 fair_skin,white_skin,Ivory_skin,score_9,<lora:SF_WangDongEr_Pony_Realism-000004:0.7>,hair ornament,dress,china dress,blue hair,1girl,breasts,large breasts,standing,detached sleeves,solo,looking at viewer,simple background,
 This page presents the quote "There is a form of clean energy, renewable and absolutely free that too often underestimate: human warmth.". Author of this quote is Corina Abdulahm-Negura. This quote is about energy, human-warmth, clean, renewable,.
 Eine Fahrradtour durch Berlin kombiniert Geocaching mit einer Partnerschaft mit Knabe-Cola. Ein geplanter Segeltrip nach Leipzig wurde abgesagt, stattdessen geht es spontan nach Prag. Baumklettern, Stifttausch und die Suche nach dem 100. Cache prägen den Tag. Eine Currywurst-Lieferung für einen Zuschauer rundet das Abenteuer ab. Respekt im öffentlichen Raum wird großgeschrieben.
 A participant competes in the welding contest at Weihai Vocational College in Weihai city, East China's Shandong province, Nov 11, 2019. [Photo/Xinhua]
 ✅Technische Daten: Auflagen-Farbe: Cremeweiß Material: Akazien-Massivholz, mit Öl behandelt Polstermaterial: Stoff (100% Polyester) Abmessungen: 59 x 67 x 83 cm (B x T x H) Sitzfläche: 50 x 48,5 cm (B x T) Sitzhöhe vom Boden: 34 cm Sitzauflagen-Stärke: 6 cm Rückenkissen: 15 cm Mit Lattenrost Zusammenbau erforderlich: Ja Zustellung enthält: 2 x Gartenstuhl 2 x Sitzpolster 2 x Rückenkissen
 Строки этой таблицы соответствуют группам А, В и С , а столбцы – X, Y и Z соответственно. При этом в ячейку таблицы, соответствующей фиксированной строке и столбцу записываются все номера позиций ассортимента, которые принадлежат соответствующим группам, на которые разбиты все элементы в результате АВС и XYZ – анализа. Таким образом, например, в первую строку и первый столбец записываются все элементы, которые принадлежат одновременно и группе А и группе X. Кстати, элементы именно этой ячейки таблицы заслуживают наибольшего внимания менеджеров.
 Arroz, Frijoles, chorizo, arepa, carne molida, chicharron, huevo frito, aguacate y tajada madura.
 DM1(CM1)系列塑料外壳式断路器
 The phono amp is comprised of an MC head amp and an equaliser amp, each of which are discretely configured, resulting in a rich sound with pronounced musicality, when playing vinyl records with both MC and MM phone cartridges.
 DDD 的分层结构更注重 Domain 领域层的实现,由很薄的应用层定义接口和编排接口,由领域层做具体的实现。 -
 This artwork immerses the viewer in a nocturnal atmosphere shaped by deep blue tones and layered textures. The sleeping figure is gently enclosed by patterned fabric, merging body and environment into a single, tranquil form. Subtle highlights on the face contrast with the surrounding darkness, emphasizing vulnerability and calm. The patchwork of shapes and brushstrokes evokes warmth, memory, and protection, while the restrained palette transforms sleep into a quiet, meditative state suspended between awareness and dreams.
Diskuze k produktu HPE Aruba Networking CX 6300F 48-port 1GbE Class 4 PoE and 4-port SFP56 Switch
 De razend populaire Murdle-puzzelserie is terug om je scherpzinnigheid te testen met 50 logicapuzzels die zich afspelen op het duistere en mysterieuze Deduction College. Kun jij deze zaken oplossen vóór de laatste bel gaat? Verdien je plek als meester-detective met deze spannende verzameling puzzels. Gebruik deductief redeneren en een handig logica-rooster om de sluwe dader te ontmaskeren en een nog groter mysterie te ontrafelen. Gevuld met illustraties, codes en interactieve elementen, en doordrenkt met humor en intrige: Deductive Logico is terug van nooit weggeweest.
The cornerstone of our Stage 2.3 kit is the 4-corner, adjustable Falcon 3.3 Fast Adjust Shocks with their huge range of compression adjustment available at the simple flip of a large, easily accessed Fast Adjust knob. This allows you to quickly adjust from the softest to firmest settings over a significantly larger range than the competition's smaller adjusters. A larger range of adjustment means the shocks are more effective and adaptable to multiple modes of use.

##############################

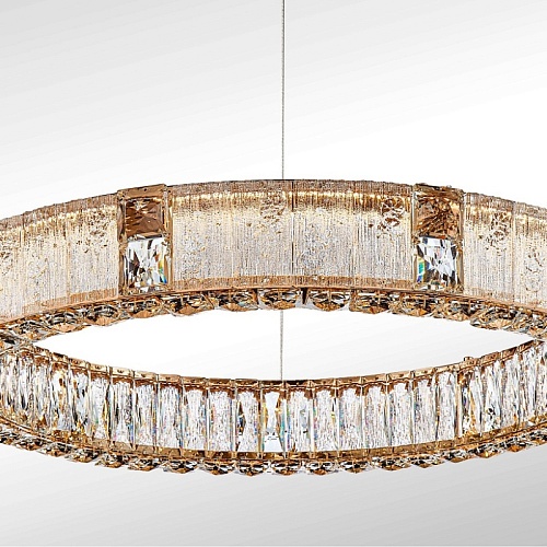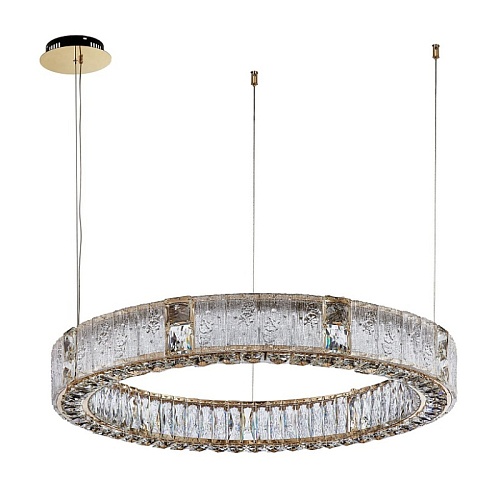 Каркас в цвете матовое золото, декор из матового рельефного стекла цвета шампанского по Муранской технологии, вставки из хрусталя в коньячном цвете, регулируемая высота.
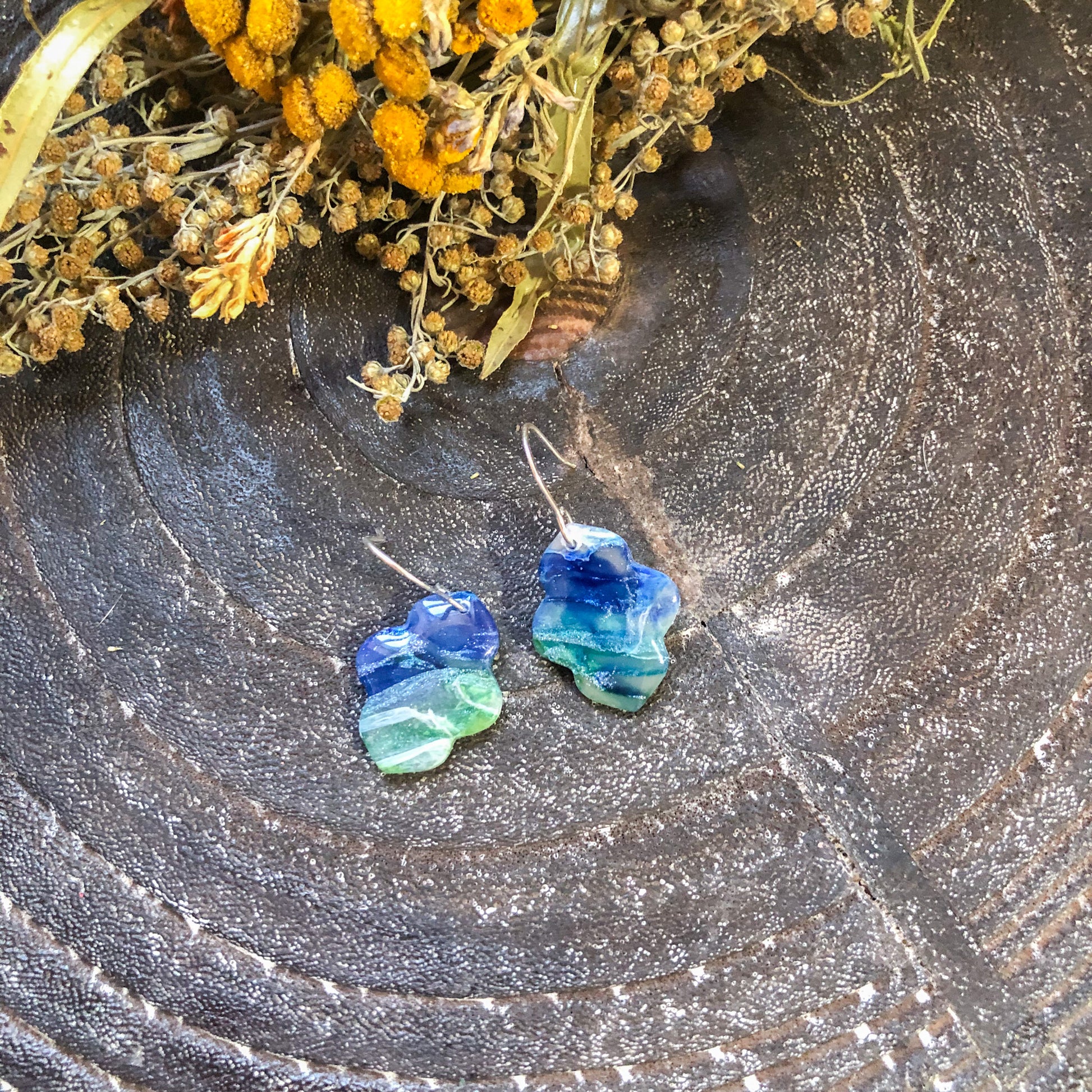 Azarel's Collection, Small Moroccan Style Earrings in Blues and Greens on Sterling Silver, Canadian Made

##############################

Your goal. Working from the material above, restate word for word the lines between the line with "Diskuze k produktu" and the line with "The cornerstone of", both included, and only those.

Response area.
Diskuze k produktu HPE Aruba Networking CX 6300F 48-port 1GbE Class 4 PoE and 4-port SFP56 Switch
 De razend populaire Murdle-puzzelserie is terug om je scherpzinnigheid te testen met 50 logicapuzzels die zich afspelen op het duistere en mysterieuze Deduction College. Kun jij deze zaken oplossen vóór de laatste bel gaat? Verdien je plek als meester-detective met deze spannende verzameling puzzels. Gebruik deductief redeneren en een handig logica-rooster om de sluwe dader te ontmaskeren en een nog groter mysterie te ontrafelen. Gevuld met illustraties, codes en interactieve elementen, en doordrenkt met humor en intrige: Deductive Logico is terug van nooit weggeweest.
The cornerstone of our Stage 2.3 kit is the 4-corner, adjustable Falcon 3.3 Fast Adjust Shocks with their huge range of compression adjustment available at the simple flip of a large, easily accessed Fast Adjust knob. This allows you to quickly adjust from the softest to firmest settings over a significantly larger range than the competition's smaller adjusters. A larger range of adjustment means the shocks are more effective and adaptable to multiple modes of use.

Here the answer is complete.